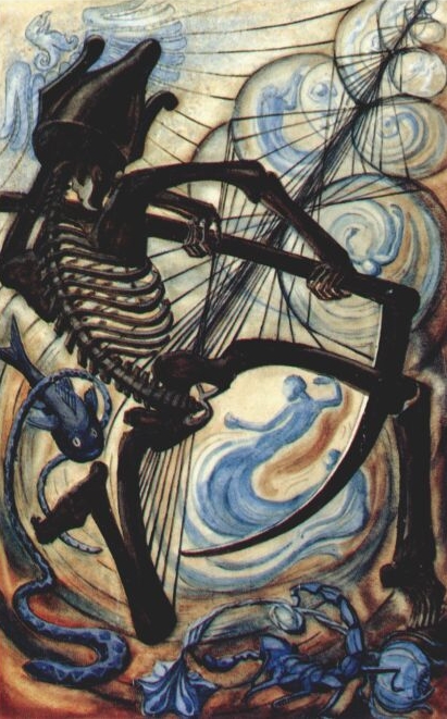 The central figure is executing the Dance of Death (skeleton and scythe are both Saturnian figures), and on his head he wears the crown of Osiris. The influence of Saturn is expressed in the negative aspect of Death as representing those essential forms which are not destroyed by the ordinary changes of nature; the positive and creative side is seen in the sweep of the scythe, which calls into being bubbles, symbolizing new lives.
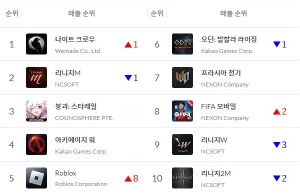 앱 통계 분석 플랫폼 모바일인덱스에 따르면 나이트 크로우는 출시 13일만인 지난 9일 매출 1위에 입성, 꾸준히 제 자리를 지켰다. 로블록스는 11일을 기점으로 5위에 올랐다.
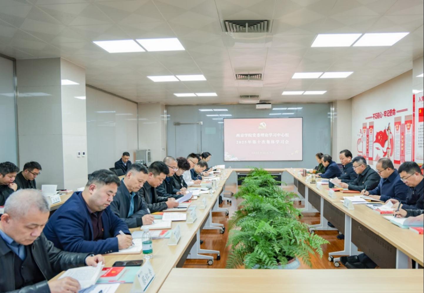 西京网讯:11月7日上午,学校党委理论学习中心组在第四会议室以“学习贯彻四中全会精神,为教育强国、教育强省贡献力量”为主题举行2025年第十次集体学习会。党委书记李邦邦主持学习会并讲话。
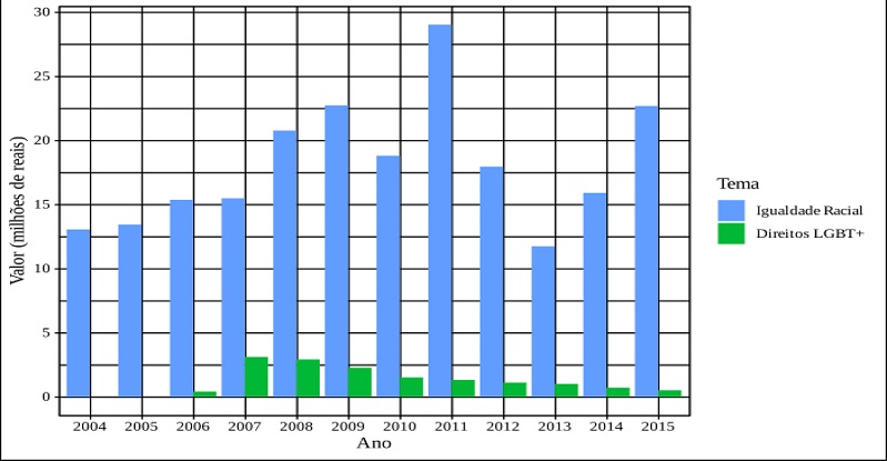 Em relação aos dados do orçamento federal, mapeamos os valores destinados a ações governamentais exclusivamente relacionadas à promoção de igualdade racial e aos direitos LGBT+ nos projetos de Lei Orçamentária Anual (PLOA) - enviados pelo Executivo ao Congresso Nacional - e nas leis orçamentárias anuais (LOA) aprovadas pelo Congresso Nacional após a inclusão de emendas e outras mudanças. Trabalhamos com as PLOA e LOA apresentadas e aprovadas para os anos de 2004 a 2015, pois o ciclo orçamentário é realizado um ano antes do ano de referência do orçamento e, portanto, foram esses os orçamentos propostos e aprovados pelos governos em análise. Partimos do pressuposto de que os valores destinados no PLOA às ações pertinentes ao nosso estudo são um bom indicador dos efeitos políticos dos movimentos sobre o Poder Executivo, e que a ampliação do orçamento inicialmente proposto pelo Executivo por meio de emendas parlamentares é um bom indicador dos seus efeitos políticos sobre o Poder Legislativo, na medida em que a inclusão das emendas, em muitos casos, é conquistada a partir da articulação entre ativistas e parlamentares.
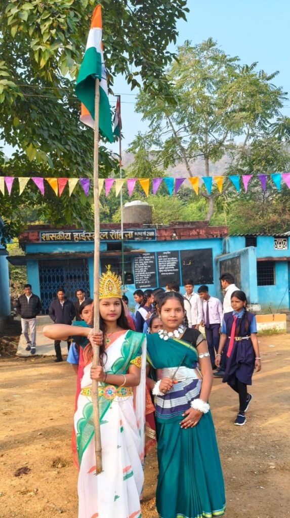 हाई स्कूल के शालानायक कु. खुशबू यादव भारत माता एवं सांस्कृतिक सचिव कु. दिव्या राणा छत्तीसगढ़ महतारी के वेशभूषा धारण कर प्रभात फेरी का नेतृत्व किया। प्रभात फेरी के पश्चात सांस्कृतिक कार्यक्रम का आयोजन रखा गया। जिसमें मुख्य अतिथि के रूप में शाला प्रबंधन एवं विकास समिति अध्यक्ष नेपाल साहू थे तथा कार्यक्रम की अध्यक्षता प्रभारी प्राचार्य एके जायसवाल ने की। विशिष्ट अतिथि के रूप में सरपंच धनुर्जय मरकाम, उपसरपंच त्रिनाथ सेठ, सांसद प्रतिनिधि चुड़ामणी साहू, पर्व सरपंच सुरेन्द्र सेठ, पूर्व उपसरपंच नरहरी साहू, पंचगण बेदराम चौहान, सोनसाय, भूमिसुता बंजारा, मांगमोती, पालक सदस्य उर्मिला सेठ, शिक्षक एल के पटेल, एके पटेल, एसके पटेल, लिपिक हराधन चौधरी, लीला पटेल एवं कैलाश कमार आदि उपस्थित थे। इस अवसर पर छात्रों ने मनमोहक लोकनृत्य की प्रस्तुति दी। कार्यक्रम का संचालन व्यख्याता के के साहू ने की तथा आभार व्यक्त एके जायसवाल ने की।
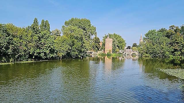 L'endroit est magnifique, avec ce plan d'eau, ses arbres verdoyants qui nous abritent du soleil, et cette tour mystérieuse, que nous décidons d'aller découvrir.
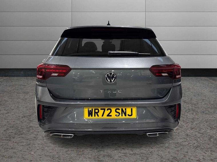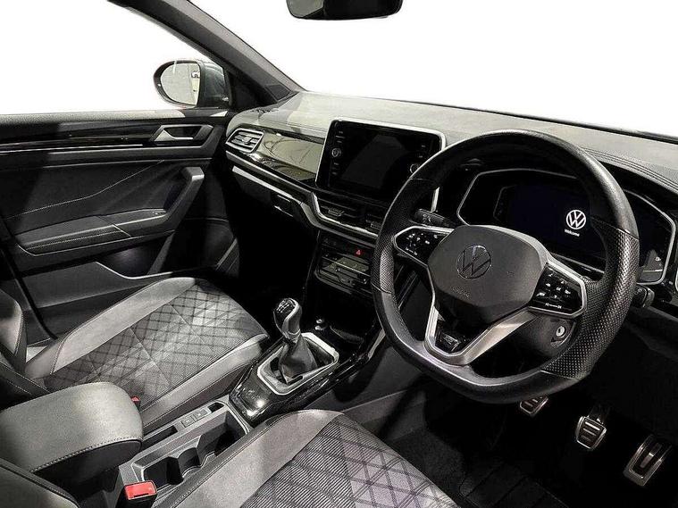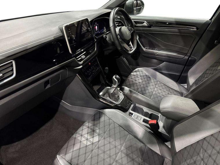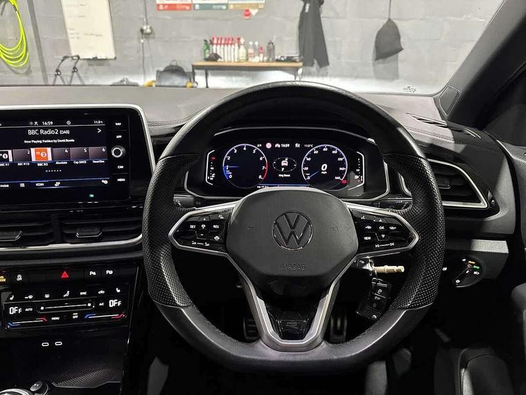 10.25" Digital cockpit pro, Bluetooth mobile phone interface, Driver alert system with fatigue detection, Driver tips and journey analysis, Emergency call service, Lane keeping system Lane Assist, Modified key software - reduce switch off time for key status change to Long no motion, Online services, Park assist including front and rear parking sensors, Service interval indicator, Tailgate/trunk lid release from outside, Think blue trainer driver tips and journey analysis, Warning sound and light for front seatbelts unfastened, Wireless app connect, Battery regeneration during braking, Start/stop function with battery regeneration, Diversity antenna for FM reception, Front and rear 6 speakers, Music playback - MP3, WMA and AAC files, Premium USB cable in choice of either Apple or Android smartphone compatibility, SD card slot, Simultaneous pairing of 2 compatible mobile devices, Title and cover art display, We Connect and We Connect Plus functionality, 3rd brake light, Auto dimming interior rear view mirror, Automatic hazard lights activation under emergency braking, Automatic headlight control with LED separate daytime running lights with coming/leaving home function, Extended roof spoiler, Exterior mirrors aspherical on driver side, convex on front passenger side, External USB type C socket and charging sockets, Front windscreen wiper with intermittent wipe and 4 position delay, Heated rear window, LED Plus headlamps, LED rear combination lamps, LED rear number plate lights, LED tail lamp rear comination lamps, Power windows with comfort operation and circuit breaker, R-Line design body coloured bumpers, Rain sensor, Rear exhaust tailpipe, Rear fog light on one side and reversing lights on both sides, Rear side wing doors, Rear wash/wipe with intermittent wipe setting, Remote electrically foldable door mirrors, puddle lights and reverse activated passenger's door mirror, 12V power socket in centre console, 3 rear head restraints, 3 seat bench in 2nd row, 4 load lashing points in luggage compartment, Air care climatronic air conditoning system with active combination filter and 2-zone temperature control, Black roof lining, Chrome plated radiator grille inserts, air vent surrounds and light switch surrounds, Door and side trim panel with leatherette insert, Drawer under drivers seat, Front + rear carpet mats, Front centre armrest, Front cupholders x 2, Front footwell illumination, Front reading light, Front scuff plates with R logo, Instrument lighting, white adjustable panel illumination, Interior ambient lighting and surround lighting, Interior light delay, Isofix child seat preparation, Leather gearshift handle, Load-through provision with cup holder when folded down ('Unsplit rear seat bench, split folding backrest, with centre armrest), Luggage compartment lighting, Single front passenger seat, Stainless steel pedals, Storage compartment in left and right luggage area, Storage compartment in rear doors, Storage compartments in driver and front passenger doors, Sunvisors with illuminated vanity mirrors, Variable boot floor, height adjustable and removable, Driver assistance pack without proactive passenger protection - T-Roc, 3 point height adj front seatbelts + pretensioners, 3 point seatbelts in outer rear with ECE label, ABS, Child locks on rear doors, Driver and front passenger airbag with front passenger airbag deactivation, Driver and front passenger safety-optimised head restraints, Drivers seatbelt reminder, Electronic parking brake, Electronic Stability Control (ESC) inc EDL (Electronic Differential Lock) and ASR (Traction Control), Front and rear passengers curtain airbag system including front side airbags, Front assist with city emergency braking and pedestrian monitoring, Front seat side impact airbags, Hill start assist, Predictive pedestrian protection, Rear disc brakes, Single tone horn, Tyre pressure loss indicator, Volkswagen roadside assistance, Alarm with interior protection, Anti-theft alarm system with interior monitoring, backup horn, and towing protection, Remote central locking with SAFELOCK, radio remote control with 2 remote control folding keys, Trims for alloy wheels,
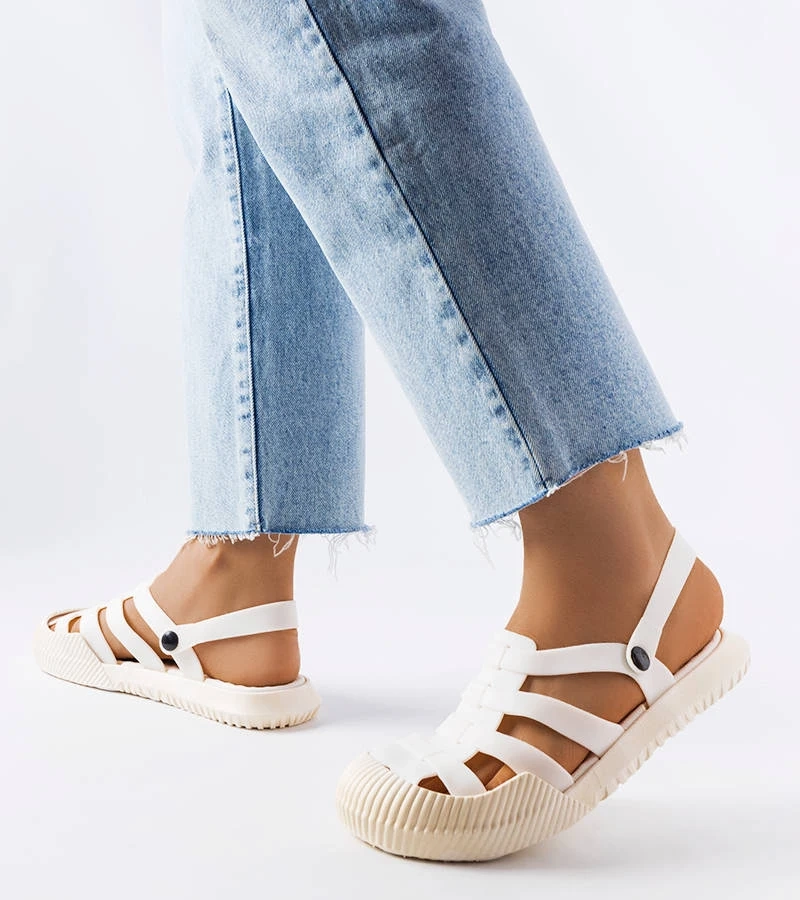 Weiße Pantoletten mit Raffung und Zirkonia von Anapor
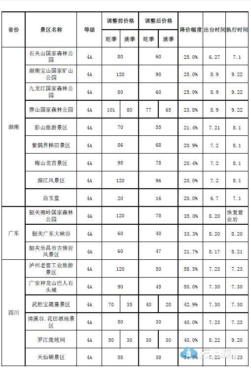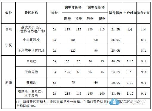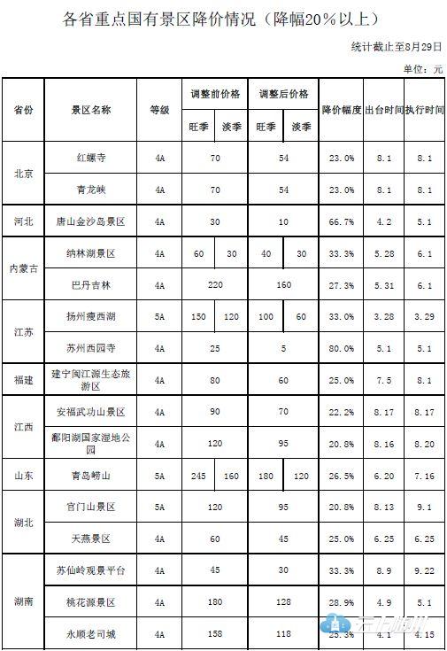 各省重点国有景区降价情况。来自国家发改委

### PROBLEM TO WORK ON:
Leave the images out. Set down all of the material above exactly.

### SOLUTION FOR THIS PROBLEM:
 The central figure is executing the Dance of Death (skeleton and scythe are both Saturnian figures), and on his head he wears the crown of Osiris. The influence of Saturn is expressed in the negative aspect of Death as representing those essential forms which are not destroyed by the ordinary changes of nature; the positive and creative side is seen in the sweep of the scythe, which calls into being bubbles, symbolizing new lives.
 앱 통계 분석 플랫폼 모바일인덱스에 따르면 나이트 크로우는 출시 13일만인 지난 9일 매출 1위에 입성, 꾸준히 제 자리를 지켰다. 로블록스는 11일을 기점으로 5위에 올랐다.
 西京网讯:11月7日上午,学校党委理论学习中心组在第四会议室以“学习贯彻四中全会精神,为教育强国、教育强省贡献力量”为主题举行2025年第十次集体学习会。党委书记李邦邦主持学习会并讲话。
 Em relação aos dados do orçamento federal, mapeamos os valores destinados a ações governamentais exclusivamente relacionadas à promoção de igualdade racial e aos direitos LGBT+ nos projetos de Lei Orçamentária Anual (PLOA) - enviados pelo Executivo ao Congresso Nacional - e nas leis orçamentárias anuais (LOA) aprovadas pelo Congresso Nacional após a inclusão de emendas e outras mudanças. Trabalhamos com as PLOA e LOA apresentadas e aprovadas para os anos de 2004 a 2015, pois o ciclo orçamentário é realizado um ano antes do ano de referência do orçamento e, portanto, foram esses os orçamentos propostos e aprovados pelos governos em análise. Partimos do pressuposto de que os valores destinados no PLOA às ações pertinentes ao nosso estudo são um bom indicador dos efeitos políticos dos movimentos sobre o Poder Executivo, e que a ampliação do orçamento inicialmente proposto pelo Executivo por meio de emendas parlamentares é um bom indicador dos seus efeitos políticos sobre o Poder Legislativo, na medida em que a inclusão das emendas, em muitos casos, é conquistada a partir da articulação entre ativistas e parlamentares.
 हाई स्कूल के शालानायक कु. खुशबू यादव भारत माता एवं सांस्कृतिक सचिव कु. दिव्या राणा छत्तीसगढ़ महतारी के वेशभूषा धारण कर प्रभात फेरी का नेतृत्व किया। प्रभात फेरी के पश्चात सांस्कृतिक कार्यक्रम का आयोजन रखा गया। जिसमें मुख्य अतिथि के रूप में शाला प्रबंधन एवं विकास समिति अध्यक्ष नेपाल साहू थे तथा कार्यक्रम की अध्यक्षता प्रभारी प्राचार्य एके जायसवाल ने की। विशिष्ट अतिथि के रूप में सरपंच धनुर्जय मरकाम, उपसरपंच त्रिनाथ सेठ, सांसद प्रतिनिधि चुड़ामणी साहू, पर्व सरपंच सुरेन्द्र सेठ, पूर्व उपसरपंच नरहरी साहू, पंचगण बेदराम चौहान, सोनसाय, भूमिसुता बंजारा, मांगमोती, पालक सदस्य उर्मिला सेठ, शिक्षक एल के पटेल, एके पटेल, एसके पटेल, लिपिक हराधन चौधरी, लीला पटेल एवं कैलाश कमार आदि उपस्थित थे। इस अवसर पर छात्रों ने मनमोहक लोकनृत्य की प्रस्तुति दी। कार्यक्रम का संचालन व्यख्याता के के साहू ने की तथा आभार व्यक्त एके जायसवाल ने की।
 L'endroit est magnifique, avec ce plan d'eau, ses arbres verdoyants qui nous abritent du soleil, et cette tour mystérieuse, que nous décidons d'aller découvrir.
 10.25" Digital cockpit pro, Bluetooth mobile phone interface, Driver alert system with fatigue detection, Driver tips and journey analysis, Emergency call service, Lane keeping system Lane Assist, Modified key software - reduce switch off time for key status change to Long no motion, Online services, Park assist including front and rear parking sensors, Service interval indicator, Tailgate/trunk lid release from outside, Think blue trainer driver tips and journey analysis, Warning sound and light for front seatbelts unfastened, Wireless app connect, Battery regeneration during braking, Start/stop function with battery regeneration, Diversity antenna for FM reception, Front and rear 6 speakers, Music playback - MP3, WMA and AAC files, Premium USB cable in choice of either Apple or Android smartphone compatibility, SD card slot, Simultaneous pairing of 2 compatible mobile devices, Title and cover art display, We Connect and We Connect Plus functionality, 3rd brake light, Auto dimming interior rear view mirror, Automatic hazard lights activation under emergency braking, Automatic headlight control with LED separate daytime running lights with coming/leaving home function, Extended roof spoiler, Exterior mirrors aspherical on driver side, convex on front passenger side, External USB type C socket and charging sockets, Front windscreen wiper with intermittent wipe and 4 position delay, Heated rear window, LED Plus headlamps, LED rear combination lamps, LED rear number plate lights, LED tail lamp rear comination lamps, Power windows with comfort operation and circuit breaker, R-Line design body coloured bumpers, Rain sensor, Rear exhaust tailpipe, Rear fog light on one side and reversing lights on both sides, Rear side wing doors, Rear wash/wipe with intermittent wipe setting, Remote electrically foldable door mirrors, puddle lights and reverse activated passenger's door mirror, 12V power socket in centre console, 3 rear head restraints, 3 seat bench in 2nd row, 4 load lashing points in luggage compartment, Air care climatronic air conditoning system with active combination filter and 2-zone temperature control, Black roof lining, Chrome plated radiator grille inserts, air vent surrounds and light switch surrounds, Door and side trim panel with leatherette insert, Drawer under drivers seat, Front + rear carpet mats, Front centre armrest, Front cupholders x 2, Front footwell illumination, Front reading light, Front scuff plates with R logo, Instrument lighting, white adjustable panel illumination, Interior ambient lighting and surround lighting, Interior light delay, Isofix child seat preparation, Leather gearshift handle, Load-through provision with cup holder when folded down ('Unsplit rear seat bench, split folding backrest, with centre armrest), Luggage compartment lighting, Single front passenger seat, Stainless steel pedals, Storage compartment in left and right luggage area, Storage compartment in rear doors, Storage compartments in driver and front passenger doors, Sunvisors with illuminated vanity mirrors, Variable boot floor, height adjustable and removable, Driver assistance pack without proactive passenger protection - T-Roc, 3 point height adj front seatbelts + pretensioners, 3 point seatbelts in outer rear with ECE label, ABS, Child locks on rear doors, Driver and front passenger airbag with front passenger airbag deactivation, Driver and front passenger safety-optimised head restraints, Drivers seatbelt reminder, Electronic parking brake, Electronic Stability Control (ESC) inc EDL (Electronic Differential Lock) and ASR (Traction Control), Front and rear passengers curtain airbag system including front side airbags, Front assist with city emergency braking and pedestrian monitoring, Front seat side impact airbags, Hill start assist, Predictive pedestrian protection, Rear disc brakes, Single tone horn, Tyre pressure loss indicator, Volkswagen roadside assistance, Alarm with interior protection, Anti-theft alarm system with interior monitoring, backup horn, and towing protection, Remote central locking with SAFELOCK, radio remote control with 2 remote control folding keys, Trims for alloy wheels,
 Weiße Pantoletten mit Raffung und Zirkonia von Anapor
 各省重点国有景区降价情况。来自国家发改委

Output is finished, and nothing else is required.